* [YOUR OBJECTIVE]:
When copying the data below, keep only the lines from the one with "Уютная загородная резиденция" through the one with "また、コラボドリンク1つご注", word for word, and skip the pictures.

[Source data]

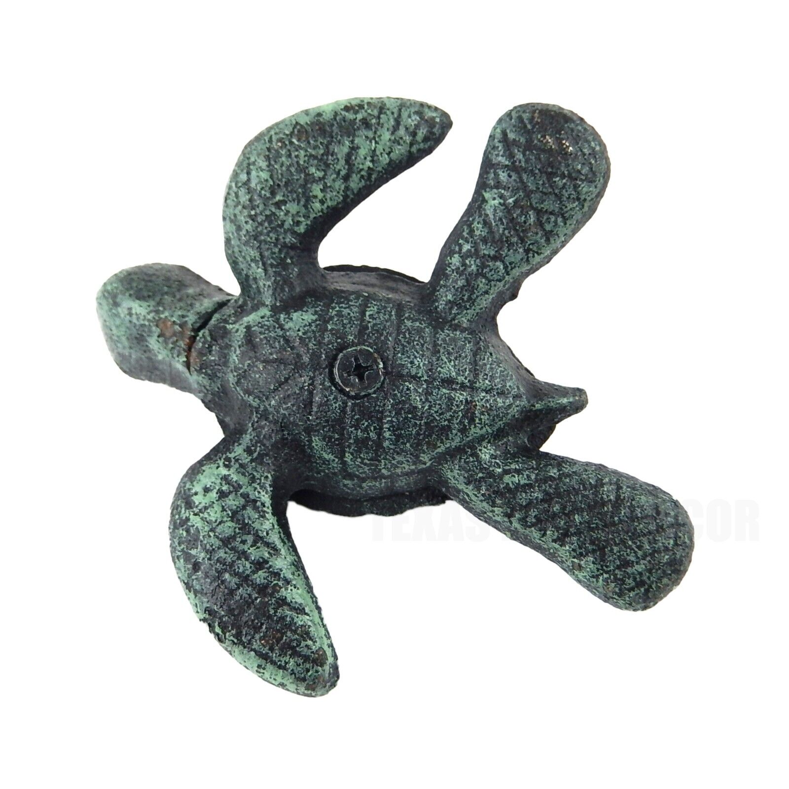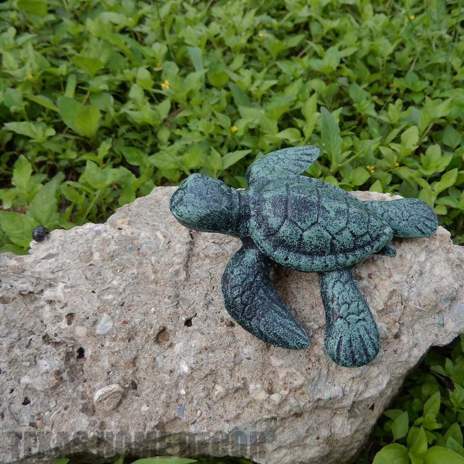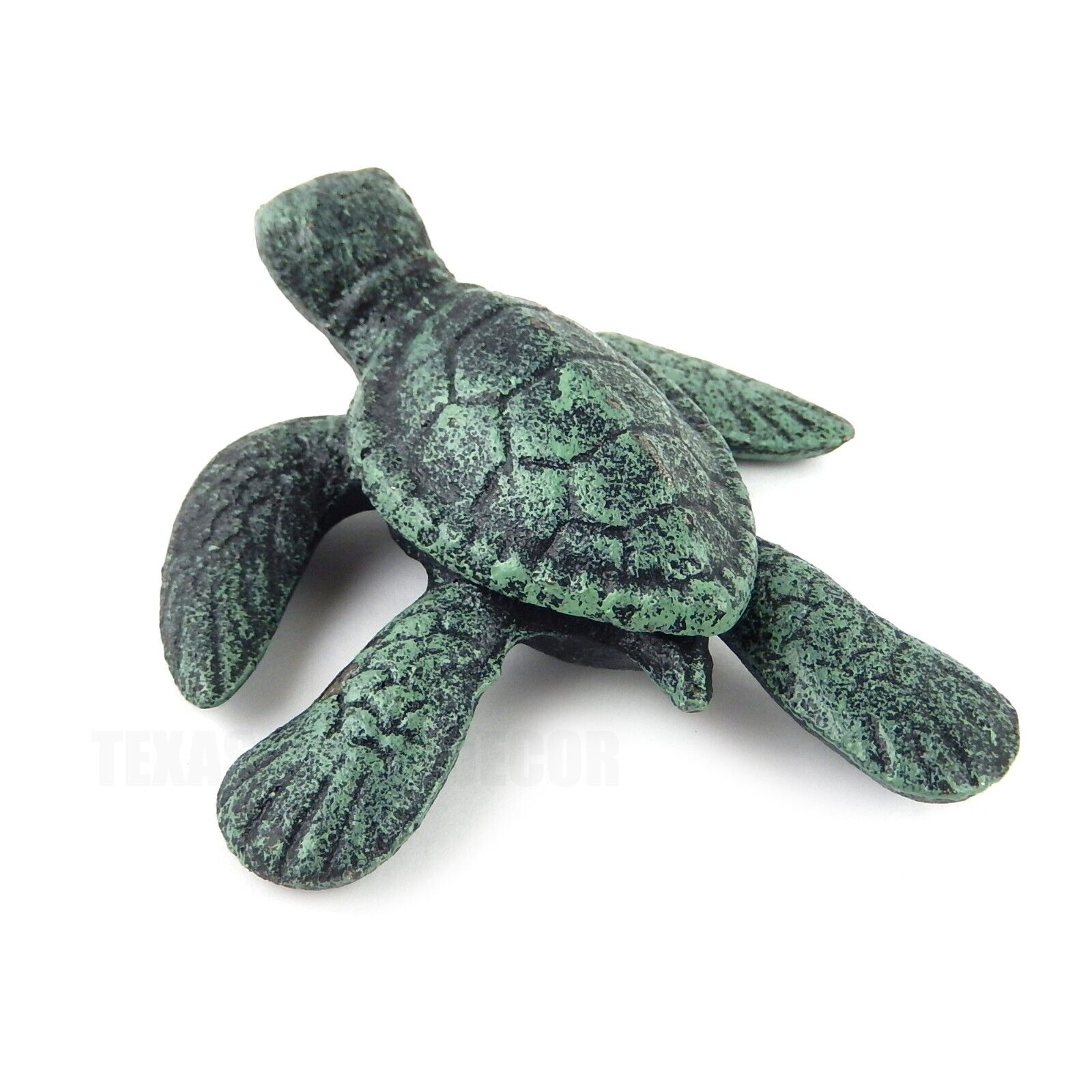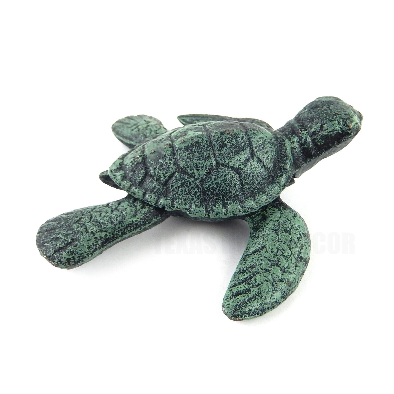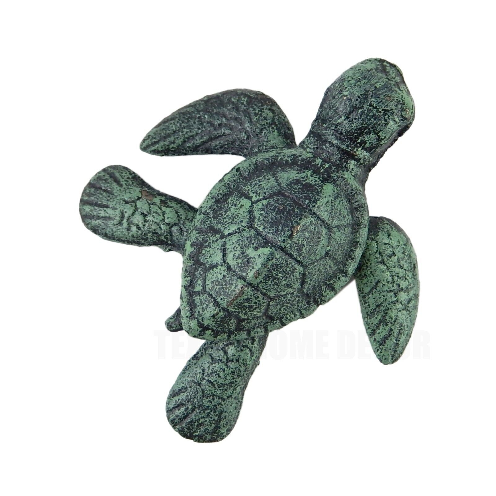 Small Cast Iron Baby Sea Turtle Figurine Statue Garden Pond Nautical Decor Green
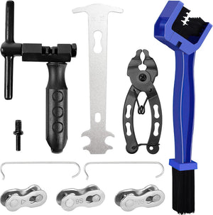 Reparatieset voor fietskettingen: wij bieden je een complete fietskettinggereedschapsset, met kettingklinknagels voor fiets, kettingschakeltang, 3-schakels fietskettingen, klinknagels (6-10s), kettingborstel en andere gereedschappen. Zo kun je je fietsketting zelf vervangen, instellen, repareren en reinigen. Hoogwaardige materialen: de fietskettinggereedschappen in de set zijn gemaakt van robuust, corrosiebestendig staal en hebben een glad, braamvrij oppervlak dat goed in de hand ligt. De kettingborstel is gemaakt van duurzaam kunststof voor de snelle reiniging van kettingvuil en de borstel is gemakkelijk te reinigen. Praktisch kettinggereedschap: de kettingklinknagel scheidt de ketting snel en wordt geleverd met een reserveonderdeel voor de meeste fietskettingen. De 2-in-1 kettingverwijderaar maakt het mogelijk om de fietskettang voor vervanging te openen en de fietskettang te openen om de ketting te vergrendelen om de reparatie te voltooien, wat je tijd en moeite bespaart. Meting van de kettingslijtage: wij leveren je een kettingmeter, waarmee je de slijtage van je fietsketting zelf kunt meten. Als de kettinglengte 0,75 bereikt, vervang deze dan zo snel mogelijk als hij 1,0 bereikt, vervang deze dan onmiddellijk. De 6-10 s fietskettingen klinknagels en kettinghaken die in de set zijn inbegrepen, helpen je om een snelle reparatie en vervanging te maken. Breed inzetbaar: de fietsreparatieset is een uitstekend gereedschap, dat onmisbaar is voor wielrennen buitenshuis en waarmee de meeste fietsproblemen kunnen worden opgelost. Geschikt voor racefietsen, sportfietsen, mountainbikes, stadsfietsen en andere fietsen. Wielersportliefhebbers mogen het in geen geval missen!
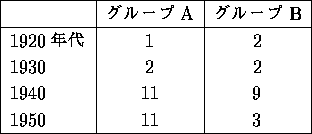 図1にそれぞれのグループの構成員数および一年ごとの発表論文数を示す。 大きな違いは、グループAの構成員数は調査期間の全体を通じてほぼ直線 的に増加しているのに対し、グループBの構成員数はほぼ一定値を保ってい ることである。この違いの原因は、単に新しく入ってくる研究者(大学 院生)の人数差による。表2に示すように、40年代生まれまでの人数はほ ぼ同じであるが、50年代生まれのメンバーの人数はグループAの11人に 対しグループBの3人と大きな差がある。
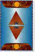 The deck and accompanying book come in a sleeve-style box, with the cards in a flip-style box that opens the long way, making them easy to get in and out. The cards themselves are approximately 3 1/4" by 4 5/8", on quality, glossy card stock. There are three extra cards with the deck: one card carries definitions for the five Houses; one card carries a graphic of the Pyramid Spread, along with position definitions; and one card carries instructions for reading.
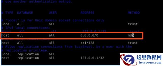 首先,进入 /usr/local/pgsql/data 目录,使用命令 vim pg_hba.conf, 配置对数据库的访问控制(设置为可以通过密码访问)。如下图所示:
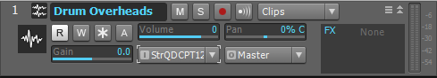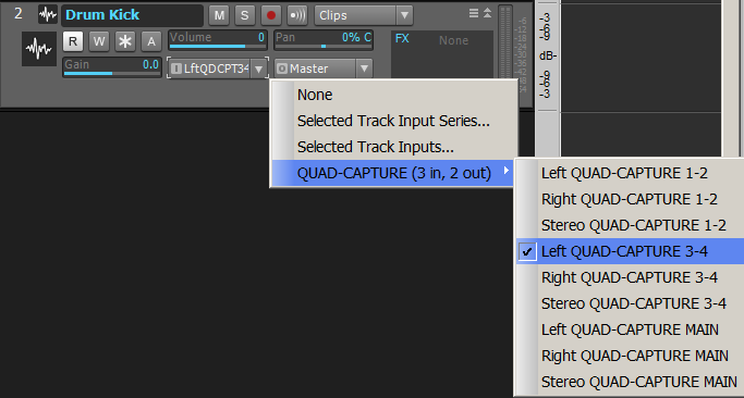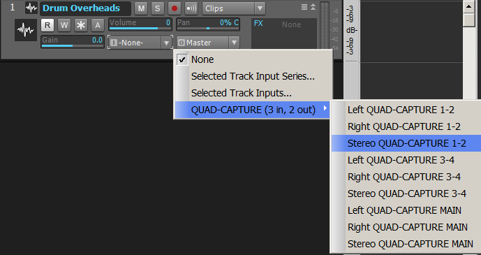 As you can see, Output is set to "Master" by default, and Input is set to "-None-." Also, the little graphic in the top left hand corner, to the right of the track number, shows a crude, single waveform, and this denotes that the audio track is currently a "mono" track. I am now going to change the name of the track to "Drum Overheads" by double clicking on the current name, and then set the Input source to my desired QUAD-CAPTURE inputs by clicking on the down arrow of the Input menu and selecting the "Stereo QUAD-CAPTURE 1-2" input (and the process will be the same for your R16).
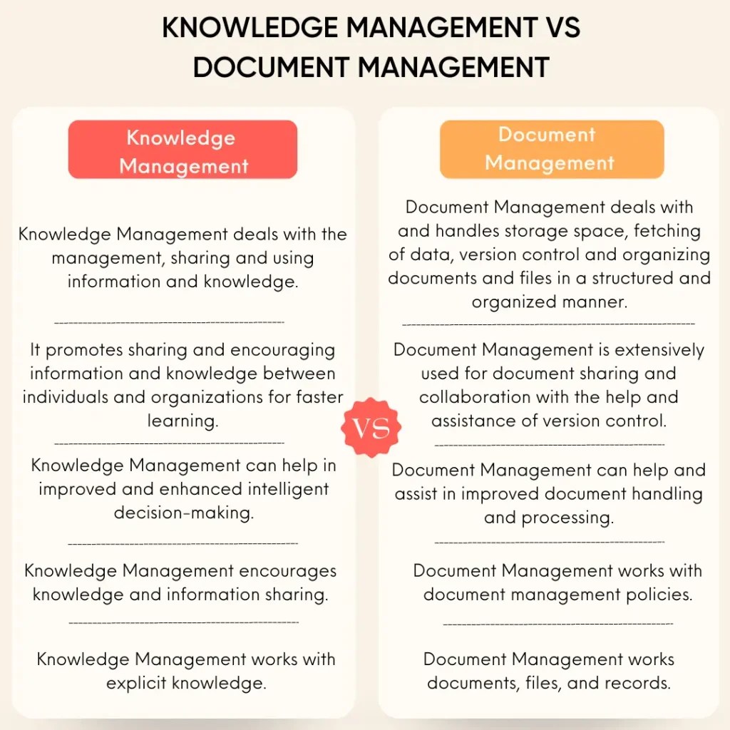 knowledge management document management top differences
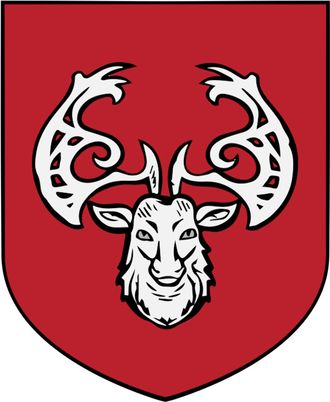 In Rot ein vorwärtsgekehrter silberner Hirschkopf mit silbernen Lichtern, bewehrt mit einem silbernen, prunvoll durchbrochenen Schaufelgeweih |
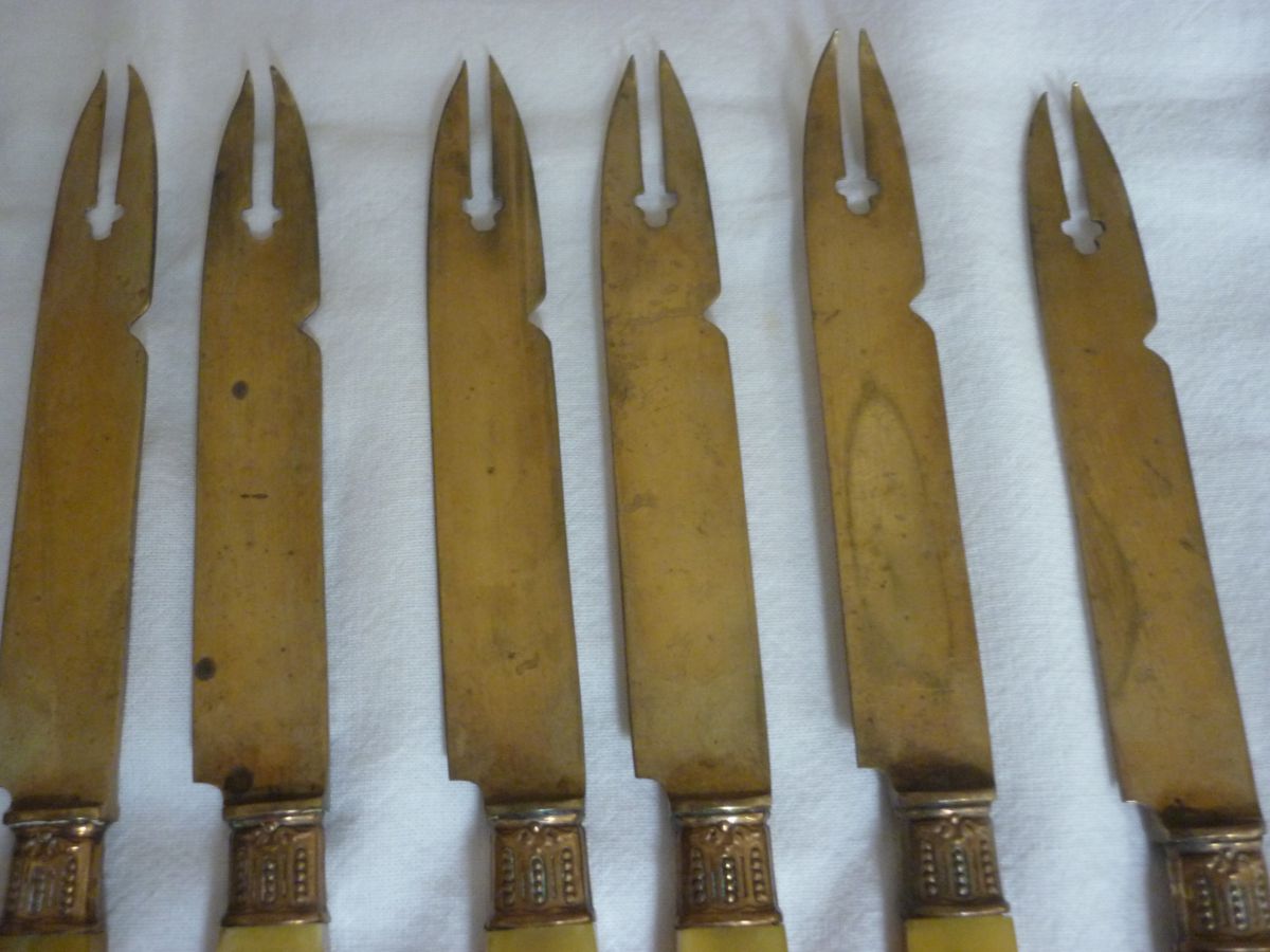 Coffret de 12 pics ou couteaux a 2 dents recourbees au bout pour escargots ou crustaces:manches en sorte de bakelite,viroles et lames en metal doré(a nettoyer et faire briller-dans leur jus):longueur 16,cms,coffret etat d'usage
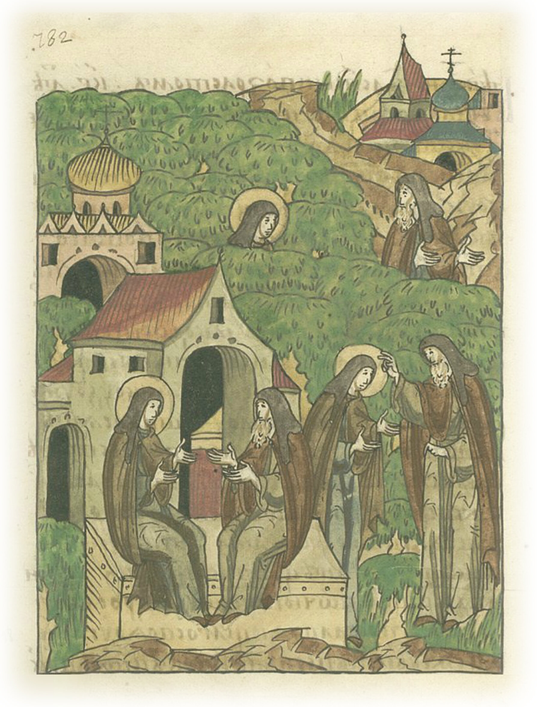Повесть о преподобном Сергии Радонежском. Игумен Митрофан, пожив некоторое время с новопостриженным Сергием и поучая его, уходит обратно.
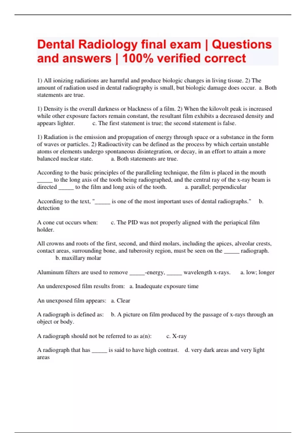 Dental Radiology final exam | Questions and answers | 100% verified correct
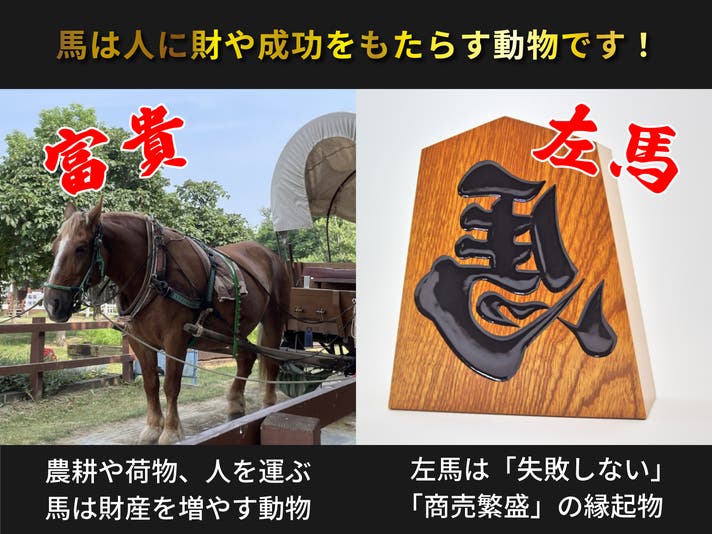 さらに馬は左から乗ると落馬の失敗が少ないことから、馬が左を向く姿は「万事、うまくいく」縁起の良い意匠として、将棋駒で有名な天童の「飾り駒」の起源にもなっています。
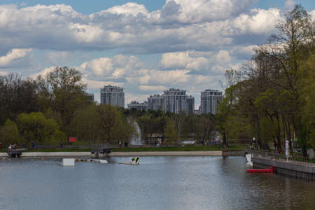 MOSCOW, RUSSIA - May 07, 2021: View to the Kamensky pond at ENEA (VDNH) during spring.
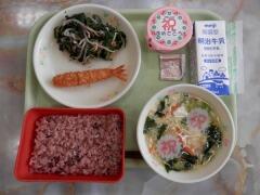 献立名:せきはん ごましお ♡牛乳 ☆えびフライ おひたし ☆かきたまじる ♡おいわいゼリー
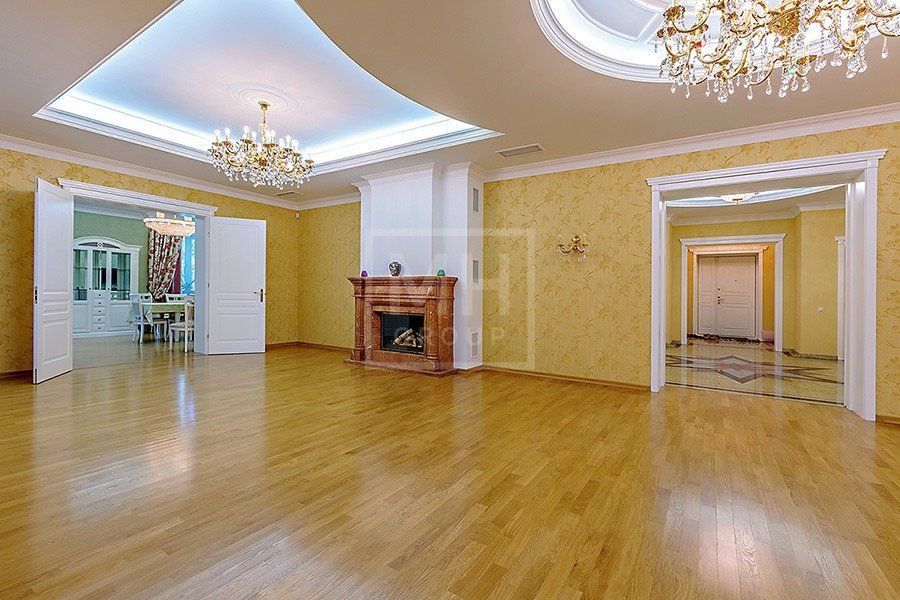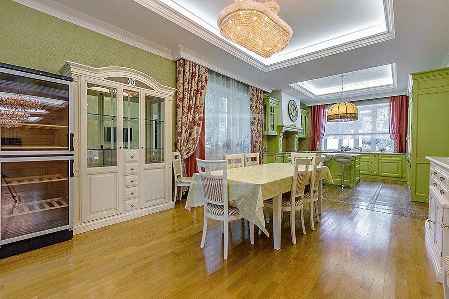 Уютная загородная резиденция построена на территории хвойного леса.Дизайн интерьера выполнен в классическом стиле.
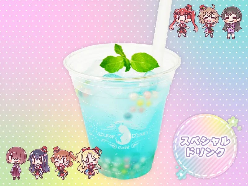 また、コラボドリンク1つご注文につき1枚プレゼントとなる【コラボ限定キャラクターカード(全7種)】や、キュアメイドカフェと同じオノデン本店4Fのイートインスペース「エンタス・キュアテラス」での場面写真展示など、『私に天使が舞い降りた!プレシャス・フレンズ』を劇場で見る前、見た後にもお楽しみいただけるコラボカフェとなっております。
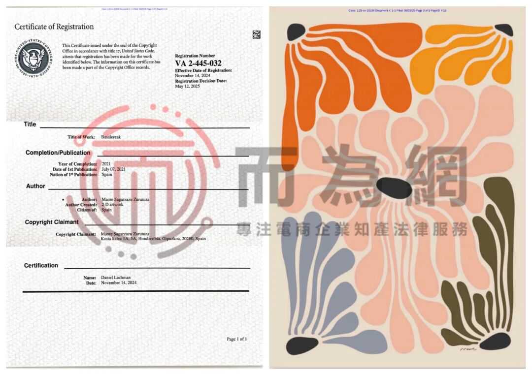 【侵权快讯】25-cv-10108 西班牙艺术家Maore Zurutuza版权发案!涉及两张花卉、迷幻图案元素图片!
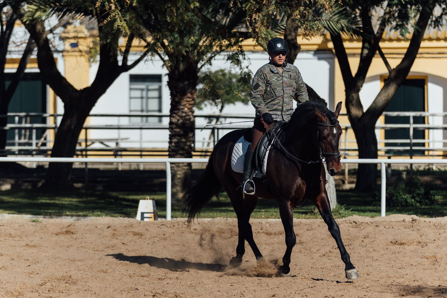 “Estos potros tienen tres años, se están iniciando en su fase de doma”, comenta el teniente coronel Daniel Vázquez Cortejoso señalando el picadero. El vallisoletano lleva cinco años como Jefe de la Unidad de Ganado del centro que se dedica principalmente a la cría de caballos de pura raza española y pura raza árabe.
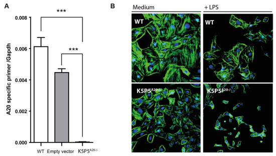 Next, we utilized CRISPR/Cas9 technology to obtain in vitro results. We anticipated that the complete absence of A20 expression achieved through CRISPR/Cas9 would result in more pronounced changes in cellular susceptibility to inflammation compared to those observed with siRNA technology (Figure 2). To elucidate the specific roles of Tnfaip3 in podocytes, we coexpressed Cas9 with gRNA targeting exon 1 of the mouse Tnfaip3 gene in the K5P5 podocyte cell line. Immunoblotting analysis verified the absence of the A20 protein in the knockout (KO) cell lines, K5P5A20−/−, but not in the wild-type (WT) or empty vector cell lines (Figure 8A). While the K5P5A20−/− cell line exhibited normal growth, there was a slight alteration in phenotype during culture. Cellular stress-dependent actin cytoskeleton rearrangements are a well-known outcome of extensive inflammation [36,37].

* [EXERCISE RESULT]:
 Уютная загородная резиденция построена на территории хвойного леса.Дизайн интерьера выполнен в классическом стиле.
 また、コラボドリンク1つご注文につき1枚プレゼントとなる【コラボ限定キャラクターカード(全7種)】や、キュアメイドカフェと同じオノデン本店4Fのイートインスペース「エンタス・キュアテラス」での場面写真展示など、『私に天使が舞い降りた!プレシャス・フレンズ』を劇場で見る前、見た後にもお楽しみいただけるコラボカフェとなっております。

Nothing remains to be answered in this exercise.